Earlier in the day there had been barking and then the windows shuddered, as it happens when the mean dog gets excited in the middle of the night and yanks against its chain and the little house begins to tremble. But in between the barking, there was also a pounding on the other side of the wall, as if someone was hammering just outside the window, but slowly, each blow delayed as if the carpenter had dropped his hammer in the grass.
The boy tried standing on the sill but couldn’t balance himself for more than a few seconds. Then he pushed the old couch up against the window to see if he could reach the crack at the top of the aluminum foil. He was higher on the cushions but only enough to look straight out at the roof of la señora’s house and not into the yard, where the pounding was coming from. Only when he spun the couch around and stood on the backrest was he able to look down and see the one who must be la señora’s godson. He was standing in the middle of the yard, kicking a yellow-and-black soccer ball against the side of the little pink house. He lined it up and kicked it with his right foot, and when the ball came back to him he lined it up and this time kicked it with his left.
Then, from atop the backrest, the other boy heard the screen door of the blue house and a few seconds later there was la señora in the yard talking to her godson, scolding him for something. The other boy scrunched down on this side of the wall and then dropped onto the sofa, afraid she might have somehow spotted him through the tiny crack at the top of the window.
He knows the rules. La señora has told them to him for the last two weeks. Do not come out in the day, even those times when she happens to remove the padlock. Do not open the door to anyone but her. Do not be looking out the window. Do not be making any noises. Do not turn on the air conditioner if you hear somebody in the yard. Do not even flush the toilet. Do not let them hear any sounds coming from inside the little house. And no matter what, do not let anyone see you.
* * *
—
Later, after Mamá Meche has watched her novela and gone to sleep, Nina goes to the hall closet and from the top shelf pulls down an old photo album, the spine and cover as worn and speckled with time as her own hands.

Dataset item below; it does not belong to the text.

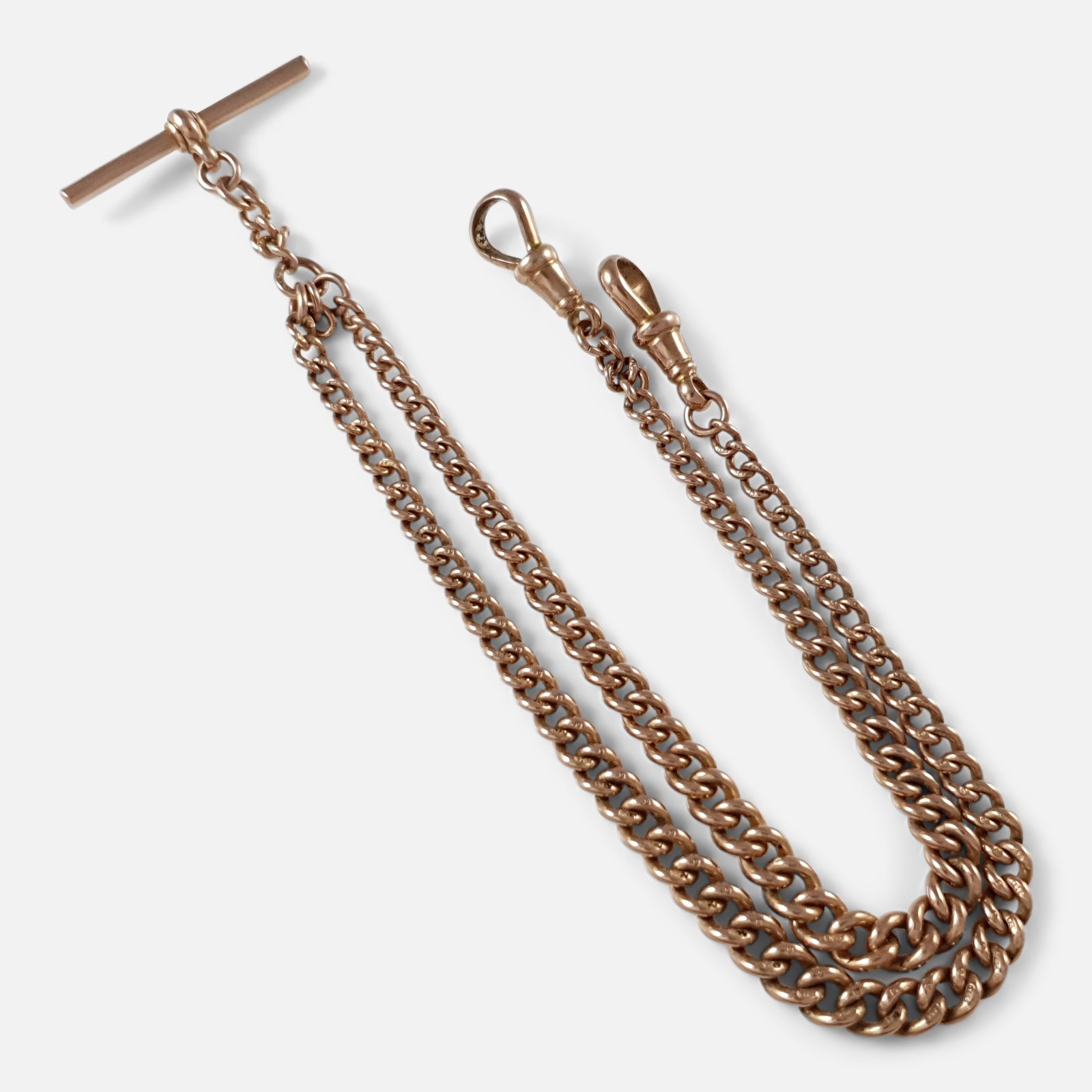 9ct Rose Gold Graduating Double Albert Watch Chain Birmingham 1929 26.8g

“Mira, Orly,” she says, tapping on the sofa for him to sit with her, “I’m going to show you where we came from.”
His hair is still wet from the shower she made him take after coming home sweaty from the soccer field. He has on the only pajama shorts and T-shirt he brought with him to sleep in.
“But closer, mijito,” she says until he scoots over right next to her so she can spread the photo album over both their laps. Then she drapes her arm over his shoulder as if they’re about to go on a ride somewhere.
The photos are in no particular order, each spread onto a moldy page and sealed with a crinkly plastic cover. There’s one from 1914, next to one from after World War II, next to one from a fortieth-anniversary party in the 1970s, next to one of the reunion he and Alex came to a few summers ago with their dad.
“He died before you were born, but this one is your great-grandfather, your daddy’s grandpa and my father. His name was Orlando, like you.”
Orly already knew he was named after him, but the only photo he had seen of him was in a group shot taken at the fortieth anniversary. In the photo that Nina is showing him now, his great-grandfather is standing at the edge of a cotton field. He’s wearing a straw hat with a narrow brim, and the sleeves of his white shirt are rolled up to his elbows. It must be a windy day—the cuffs of his khakis are billowing out from his ankles. Maybe it’s because the image is in black and white that everything looks so clearly defined.